▶ [DATA EXTRACT]

----------

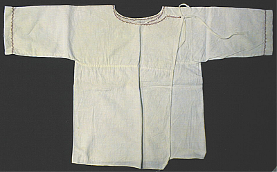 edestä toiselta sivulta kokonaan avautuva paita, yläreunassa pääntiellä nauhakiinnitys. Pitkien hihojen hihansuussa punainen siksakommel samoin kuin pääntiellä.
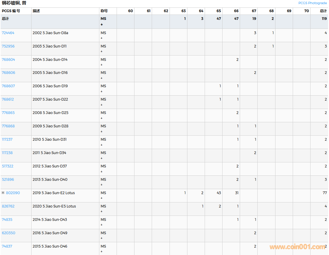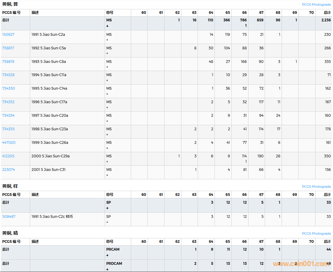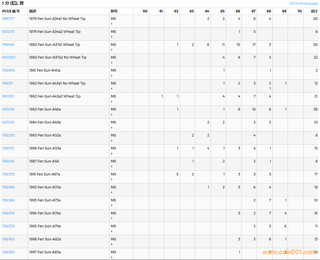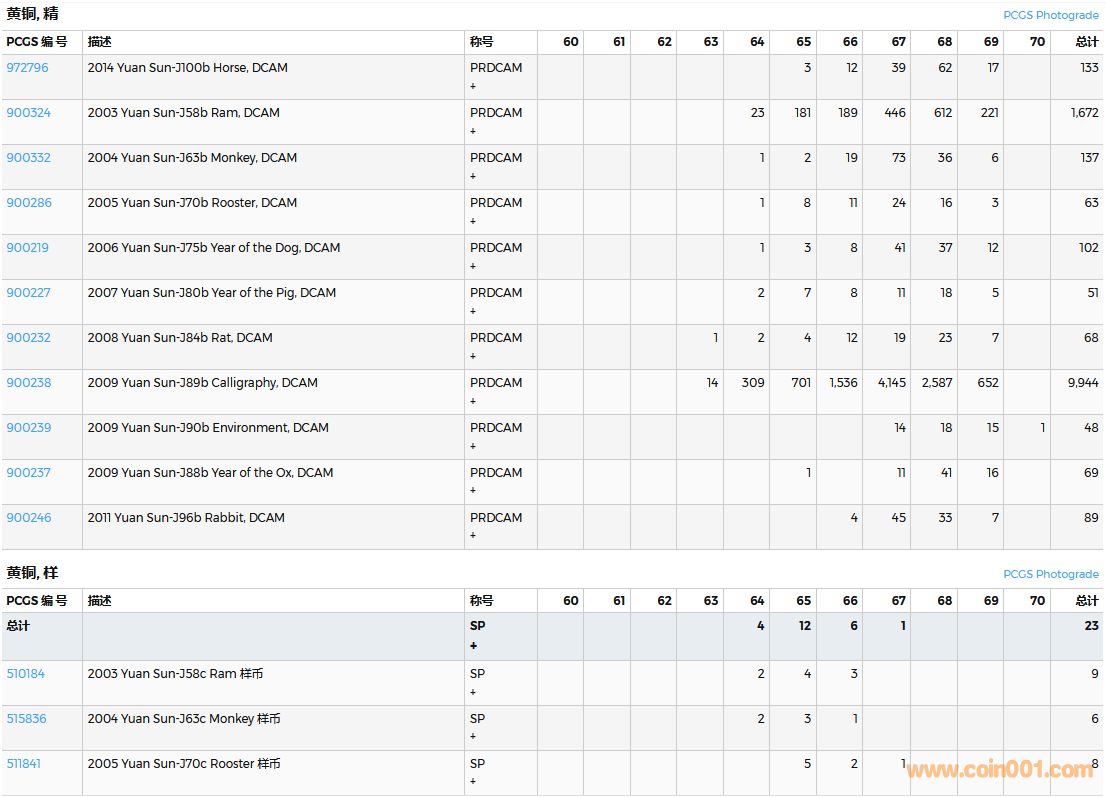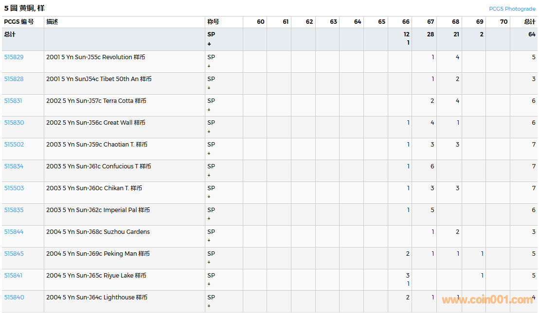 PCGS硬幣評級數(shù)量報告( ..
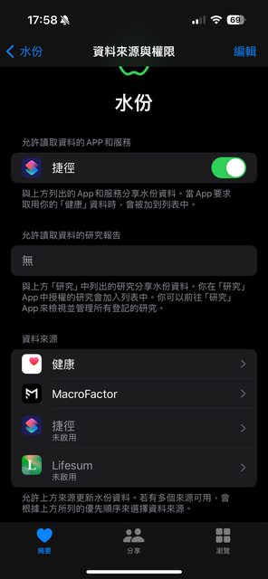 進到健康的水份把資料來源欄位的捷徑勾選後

----------

▶ [PROBLEM DESCRIPTION]
Any images must be dropped; all other material is to be printed exactly.

▶ [WRITTEN SOLUTION]
 edestä toiselta sivulta kokonaan avautuva paita, yläreunassa pääntiellä nauhakiinnitys. Pitkien hihojen hihansuussa punainen siksakommel samoin kuin pääntiellä.
 PCGS硬幣評級數(shù)量報告( ..
 進到健康的水份把資料來源欄位的捷徑勾選後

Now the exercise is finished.